Coutinho cracker rescues Reds stat attack movers & shakers
Brazilian's wonder strike lifts dreadful contest and cheers Rodgers
STOKE CITY 0
LIVERPOOL 1
(Philippe Coutinho 86)
Philippe Coutinho pulled off an act of escapology straight from the Houdini textbook this morning.
The Brazilian's 86th-minute strike rescued Liverpool at the Britannia and pulled a contest from the jaws of tedium, earning the fixture a glossy finish it scarcely deserved.
Wriggling free on the edge of the box, the Reds midfielder curled a bending, balletic strike into the top corner to earn his manager an undeserved get-out-of-jail-free card at Stoke.
Liverpool were lucky. Mark Hughes' men had edged an otherwise dreadful contest.
Not that Brendan Rodgers will care. He achieved a small amount of redemption and a good deal of closure.
Seventy-seven days and £80 million ($171m) ago, Liverpool were essentially lobotomised by Stoke. The Reds played with neither brains nor brawn and had their faces ripped off in a 6-1 mauling.
Rodgers called the defeat his worst in football. To be fair, there was some stiff competition last season.
He vowed to make amends and radically decided to sign players in the right positions.
Nathaniel Clyne slotted in at right-back, with his predecessor Glen Johnson lining up for new club Stoke.
Joseph Gomez enjoyed the odd gallop along the left, defying his birth certificate. At 18, he was one of two teenagers in a Liverpool shirt, the other being 19-year-old Jordon Ibe.
With James Milner just ahead of Jordan Henderson in midfield and Christian Benteke skulking around the box with all the subtlety of a polar bear hunting fish on an ice floe, Liverpool promised youthful vigour mixed with real, physical force.
The only flaw in Rodgers' master plan was Benteke.
One swallow doesn't make a summer, but one striker can make a season.
Benteke may struggle to live up to the billing.
Brendan Rodgers spent £32.5 million on the Belgian, but then left his striker flailing in a formation utterly unsuited to his strengths.
Benteke scores most of his goals in the air. Liverpool rarely crossed. The forward thrives on balls played over the shoulder of the last defender, but the Reds played tippy-tappy around the box, in a fashion that was neither penetrative nor pretty.
DOESN'T FIT
Coutinho and Adam Lallana slipped in passes for a striker who isn't particularly slippery, leaving all three men looking like round pegs in square holes.
Benteke drifted away from the game, his threat diminishing with every misplaced pass.
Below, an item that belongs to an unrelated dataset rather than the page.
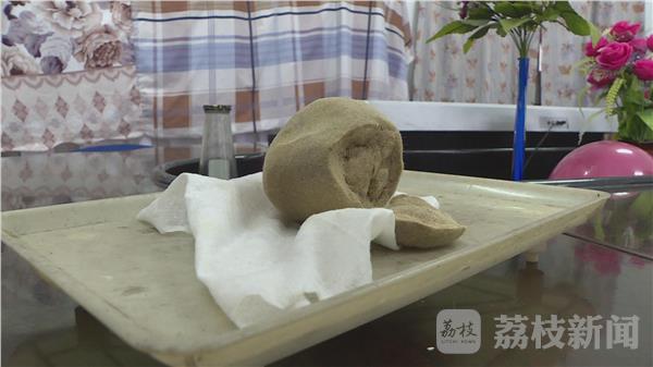 刚见到记者,张师傅就欣喜地展示起了刚刚从羊肚里取出的宝贝。只见这个球状物体泛着土黄色,足足有一个成年人拳头那么大,表面看上去毛绒绒的,摸上去软软的,湿湿的。从破损处,还能看到内部的絮状物体。张师傅说,这个球状物是前几天杀羊的时候,在羊肚里发现的。

Either he drops deeper to gain possession or Lallana and Ibe float more crosses from the flanks.
The other alternative is to offer Roberto Firmino more than the 12 minutes he got.
Something's got to give because apart from Coutinho's freakish, late strike, Liverpool were mostly laboured, slow and maddeningly dull.
It's always worth reiterating that Rodgers has spent £300 million in three seasons.
He shops in first class, but the Reds are still stuck in economy. It was congested, low-frills stuff. Expect further turbulence in the weeks ahead.
Somewhere in Los Angeles, a departed legend recognised the jersey but not the lack of application.
Steven Gerrard's legs betrayed him but he left with a priceless commodity still intact, something missing from the plodding Reds.
They played with so little heart.
For Stoke, Charlie Adam grew in stature against his former team. Marco van Ginkel did enough to justify Hughes' decision to build his side around the Chelsea loanee and Ibrahim Afellay showed flashes of the kind of inspiration that Rodgers struggles to find in his own squad.
At the very least, the Reds didn't trudge from the Britannia turf 5-0 down at half-time this time around. Apparently, that's what £80 million buys Liverpool these days. There were no other straws to clutch.
The game's first presentable chance didn't arrive until the 64th minute, when Simon Mignolet tipped around Adam's cross-shot.
His save was decent, but certainly not worth the 63 eye-meltingly tedious minutes that preceded it.
A 0-0 draw would've been a fair result, but Coutinho cultivated enough space in the dying minutes to wave his magic wand.